A fourth South Sudanese transfer student, Wal Khat, participated for the school's cross country team in the fall, winning a state medal that Hickman's ruling would negate.

Hart spoke passionately about the boys' war-torn background, saying their arrival spared them a life of being forced to be "child soldiers" and scrounging for food and water.

"To have the opportunity to come here to America, it's like they won the Powerball lottery, for them to be able to come over and get an education," Hart said.

Hinckley-Big Rock, a formidable Class 1A basketball program that could face a tougher postseason path if the transfers are allowed to keep playing, released a statement Tuesday that indicated H-BR athletic director and boys basketball coach Bill Sambrookes contacted the IHSA eight months before the season started to raise concerns about A-HOPE.

"It was never the intent of the Hinckley-Big Rock School District to attack the student athletes or Mooseheart," the school's statement read. "Our only intent was in gathering information about the A-HOPE program and the basis for participation in IHSA-sanctioned events and activities."

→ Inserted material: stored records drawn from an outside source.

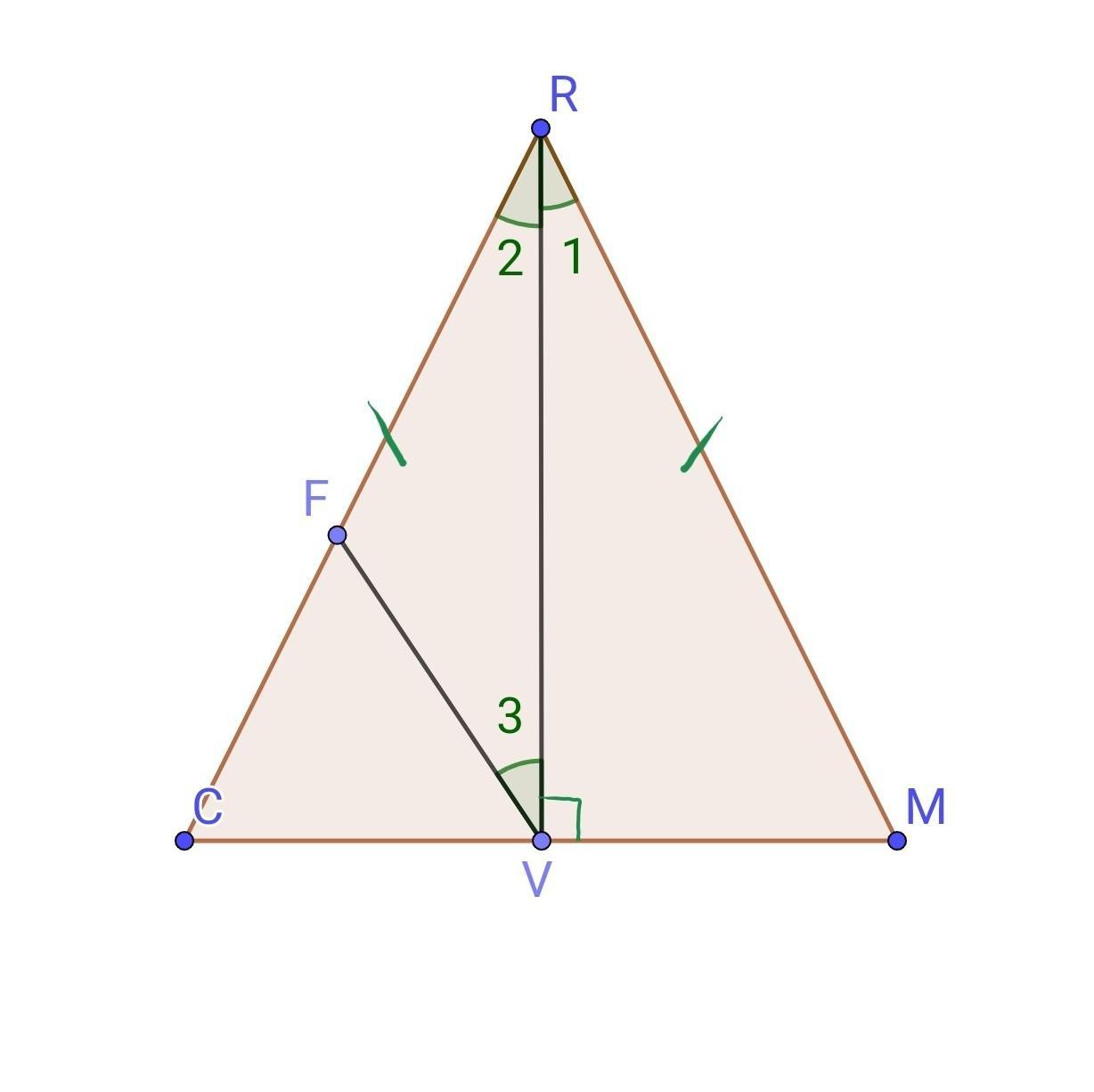 Відрізок RV — висота рівнобедреного трикутника CRM (CR=RM). На стороні CR позначили точку F так, що FV||RM. Доведіть, що FR = FV.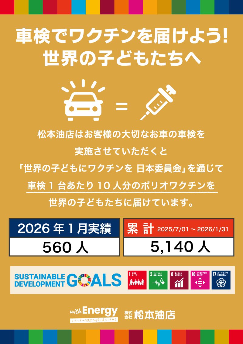 松本油店でお客様の大切なお車の車検を実施させていただくと「世界の子どもにワクチンを 日本委員会」を通じて1台あたり10人分のポリオワクチンを世界の子どもたちに届けています。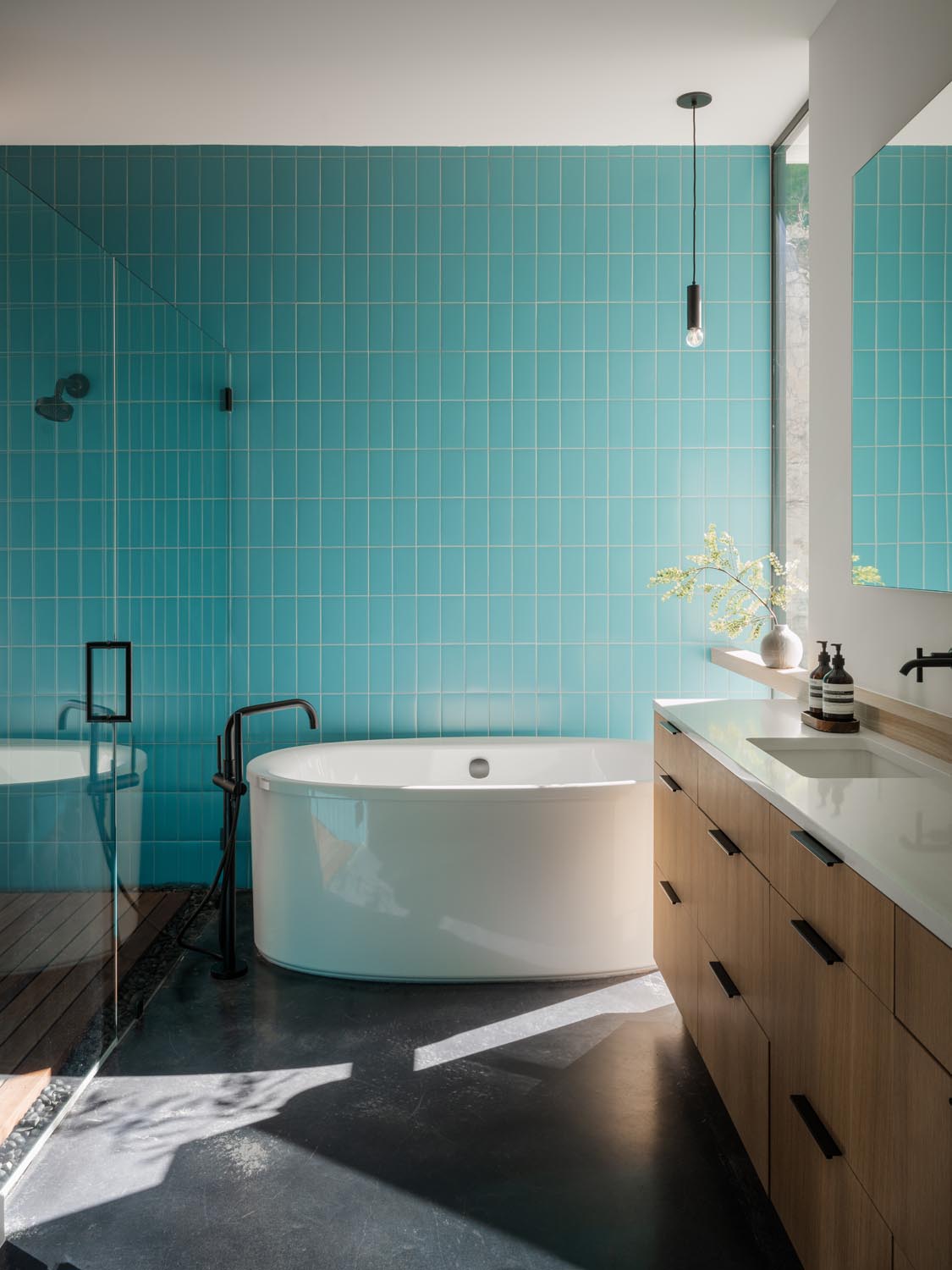 The house is defined by two distinct wings connected by a glass passageway. The north wing contains the main public spaces where a more expressive play of materials creates richness and texture. Every vantage point offers a visual connection to the outdoors, reinforcing the home’s dialogue with nature. The south wing is comprised of the more private programs, including the master suite and a second floor with additional bedrooms, offering moments of retreat and quiet. This simplified form contrasts with the material dynamism of the north wing, creating a deliberate balance between openness and repose.
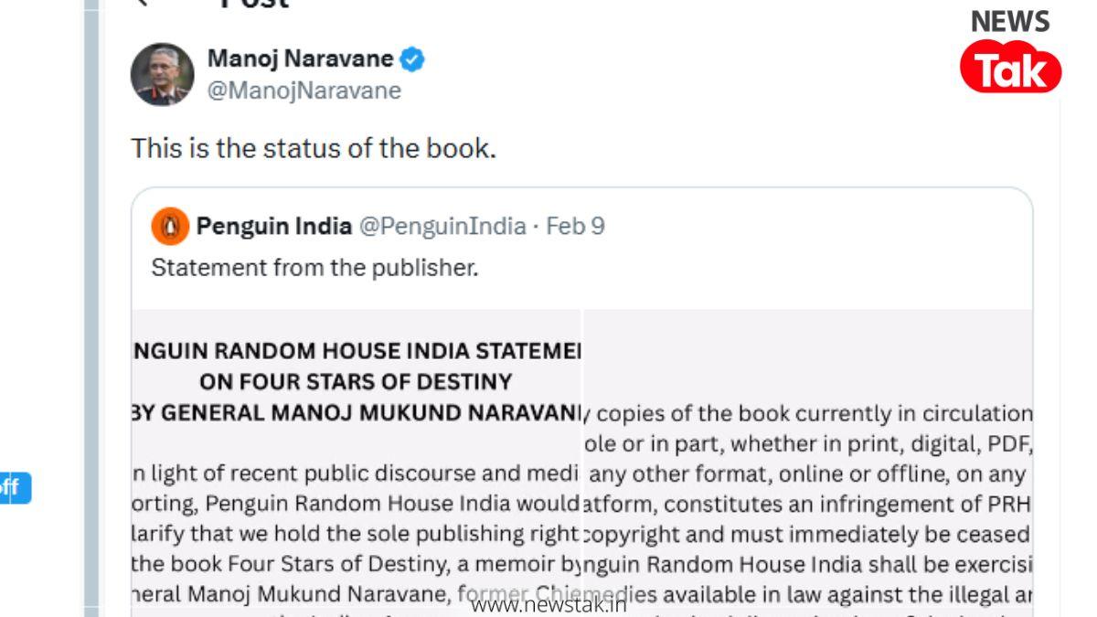 पूर्व आर्मी चीफ मनोज मुकुंद नरवणे ने पेंगुइन का एक पोस्ट साझा लिखा- 'यह किताब का स्टेटस है.'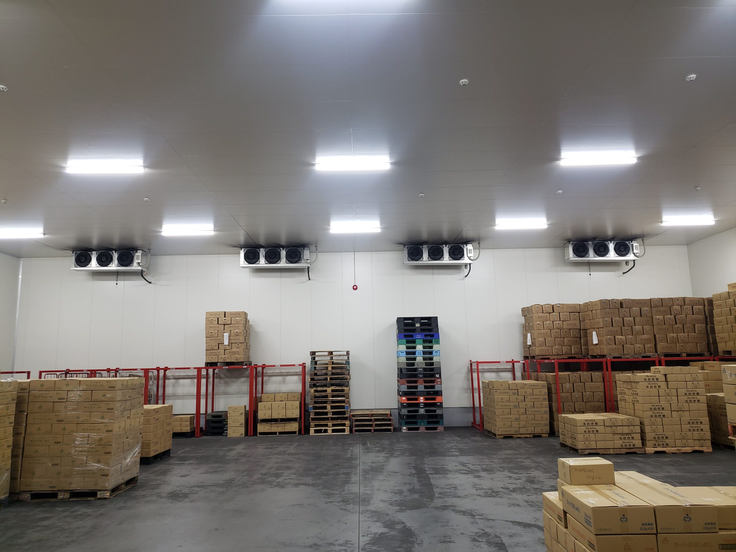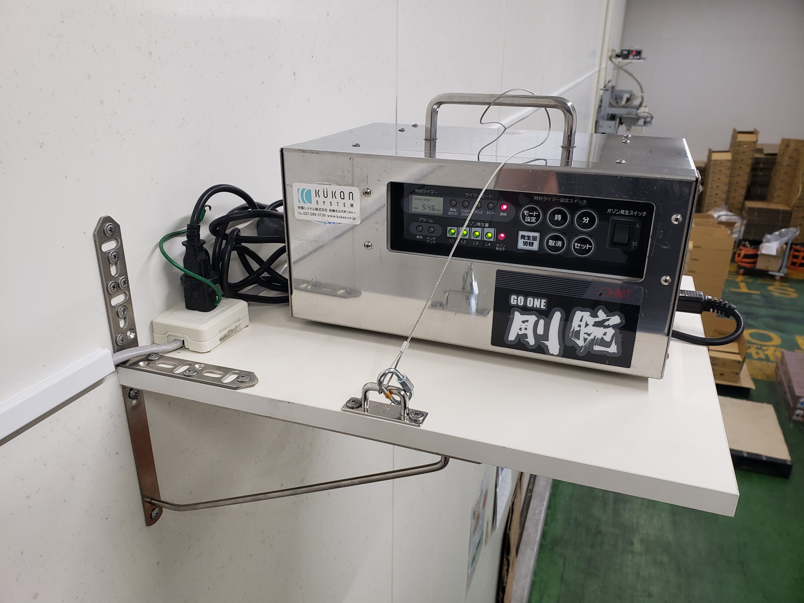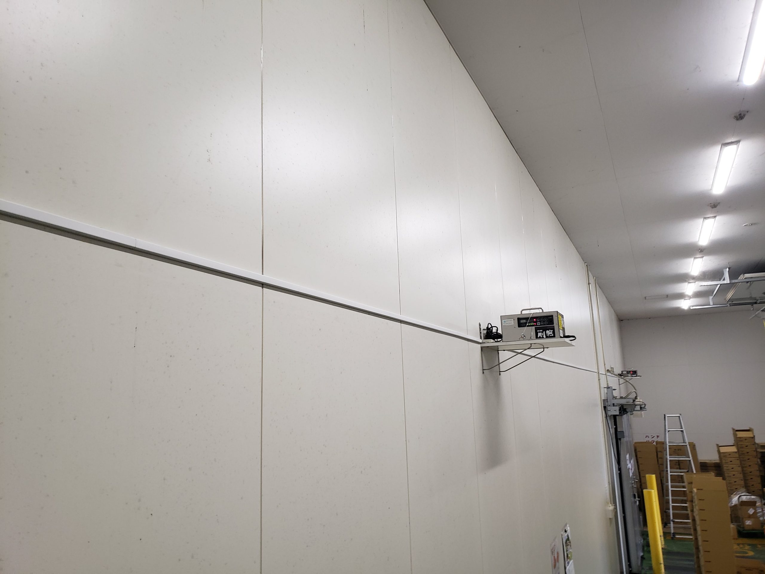 生鮮野菜の一次保管用冷蔵倉庫(約1800㎡)で野菜の鮮度保持及び除菌を目的として、燻蒸式オゾン発生器(剛腕GWN-1000T)2台の設置工事を実施。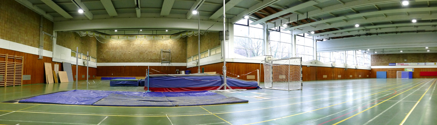 Neben einer Sporthalle für Ballsportarten und leichtathletische Disziplinen ( 60m-Sprint, Weit-, Hoch- und Stabhochsprung, Wurfanlage) werden eine Budohalle für Judo, Aikido u.a. und eine Mehrzweckhalle z.B. für gesundheitsorientierten Sport, Aerobic und Stepaerobic zur Verfügung.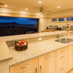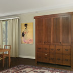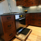 This image shows the UK72’s pocket bi-fold doors opened to reveal the counter top with storage areas above, 2 burner ceramic cook top, 18 ga. stainless steel sink, and GE’s incredible Advantium oven/exhaust hood, the oven that can cook anything. YesterTec’s patented, UL Listed safety features do not allow the oven and cook top to operate when the bi-fold doors are closed in front of them. Below the solid surface counter top is the refrigerator/freezer, single drawer/dishwasher and more storage areas. The UK72’s extra depth (3” deeper) allows for more storage and counter space than our other Mini-kitchen line.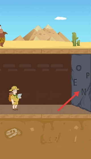1、寻宝探险中,先观察带有字母的石门,准备解锁。
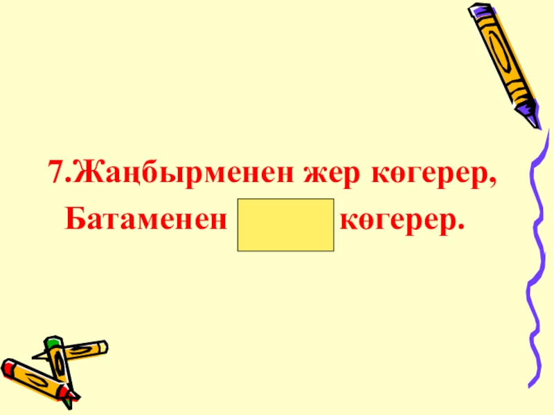 7.Жаңбырменен жер көгерер, Батаменен  ел   көгерер.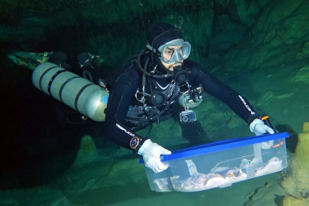 Ciudad de Mexico, 02 de abril de 2026.- El Instituto Nacional de Antropología e Historia (INAH) informó el traslado de fósiles humanos descubiertos en 2022 y recuperados a finales de 2025 en el sistema de ríos subterráneos Sac Actun, Quintana Roo, hacia la Sección de Bioarqueología de la Dirección de Salvamento Arqueológico en la capital del país.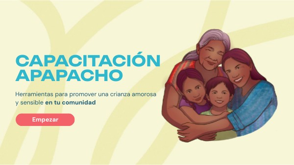 El programa Apapacho es un programa de crianza de 11 sesiones presenciales dirigido a madres, padres y cuidadores en el que a través de la reflexión se brindan y construyen herramientas de crianza amorosa y sensible. En esta ocasión, la implementación constará de 5 sesiones, en las que se abordarán temas clave como: el juego y el tiempo de calidad, las emociones de niñas, niños y cuidadores, las rutinas, las normas y límites, así como el manejo de situaciones difíciles, como las pataletas.
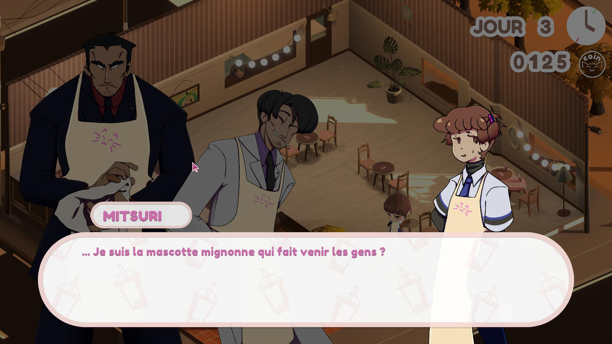 ScenarioWelcome To Bubble Tea is about Yakuzas running a bubble tea shop and their part-time employee, an high schooler who ended up there by mistake.Blender, Clip Studio Paint, Unity

A-HOPE's website describes the organization as a nonprofit that provides "deserving student-athletes a seamless process of obtaining a student visa, transportation to the United States" and access to "an outstanding education."

The Mooseheart trio most recently played in last week's home opener against Leland-Earlville, a 60-45 Ramblers win after which coach Ron Ahrens raved about the way the South Sudanese players have acclimated at Mooseheart, on and off the court.

The boys have said they hope to use their basketball prowess as a way to bolster their chances to attend college in the United States.